Macon High’s first Mohawk-haired punk, though now he sported a

ponytail halfway down his back instead. Dreading what they might

say when they recognized him, Conner started, “Hey guys—”

“Dead man walking!” Brett called out. The

others laughed when he did, and half the restaurant turned at the

sound. Conner wanted to sink into the floor and vanish, but when

Brett held out a hand, he slapped it amicably enough. “Conner, kid.

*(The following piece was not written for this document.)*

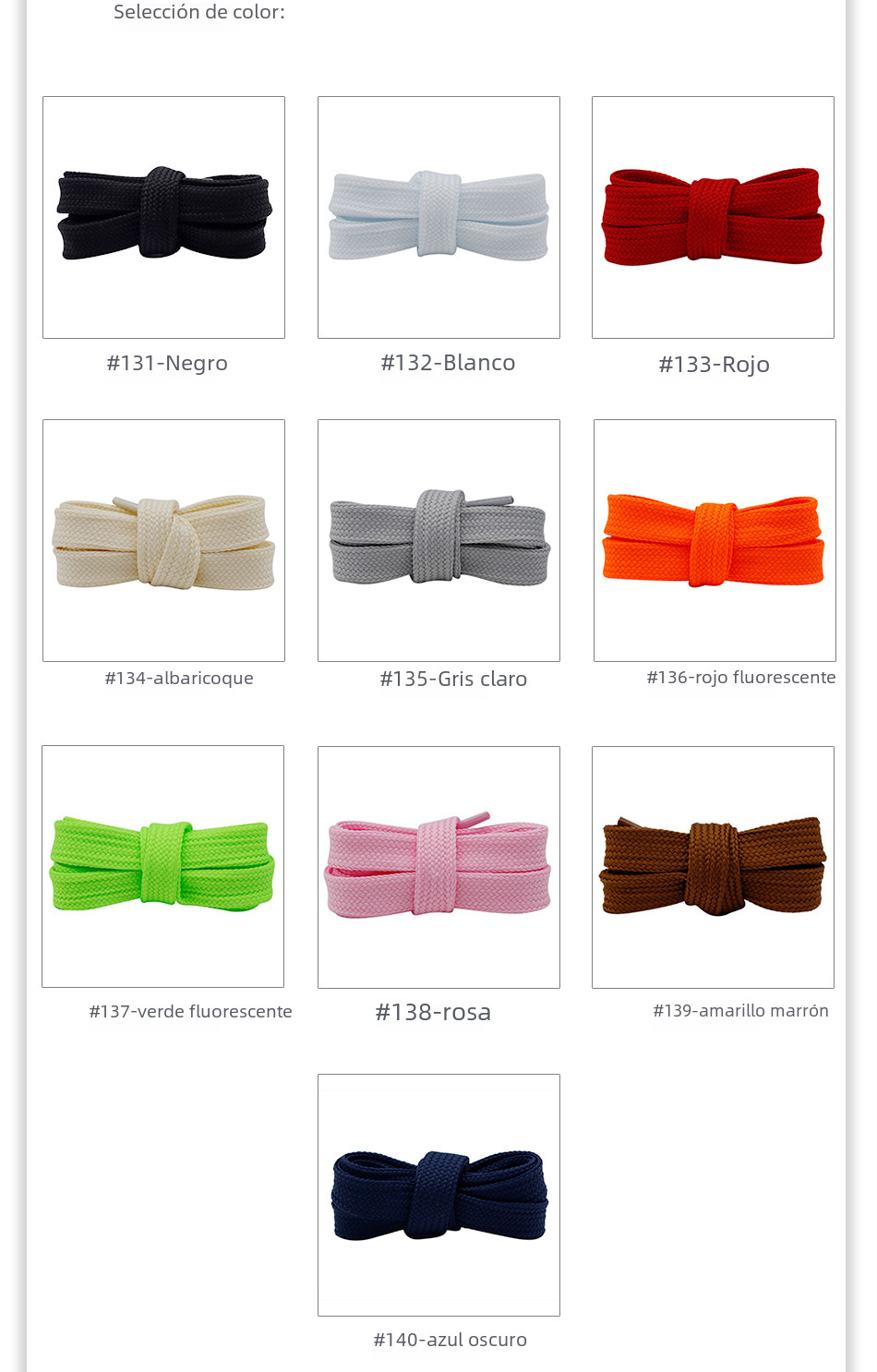 | Color | #131 negro,#132 Blanco,#5001 Blanco + cabeza de metal,#133 Rojo,#134 albaricoque,#135 gris claro,#136 rojo fluorescente,#137 verde fluorescente,#138 rosa,#139 amarillo marrón,#140 azul oscuro |

How’s the family business going?”

With a shrug, Conner told him, “You know how

it is—people are just dying to get in.”

That earned him more laughs. Conner’s family

ran the local funeral parlor, a fact that had earned him quite a

few odd looks during the course of his life. When he graduated last

spring, the last thing he wanted to do was follow in the footsteps

of his three older brothers, who studied Funeral Services at the

local community college. This job at Sylvia’s was a way out, but

Macon was a small town and people knew who he was. Some of them,

mostly guys he’d gone to school with, liked to rag on him about it.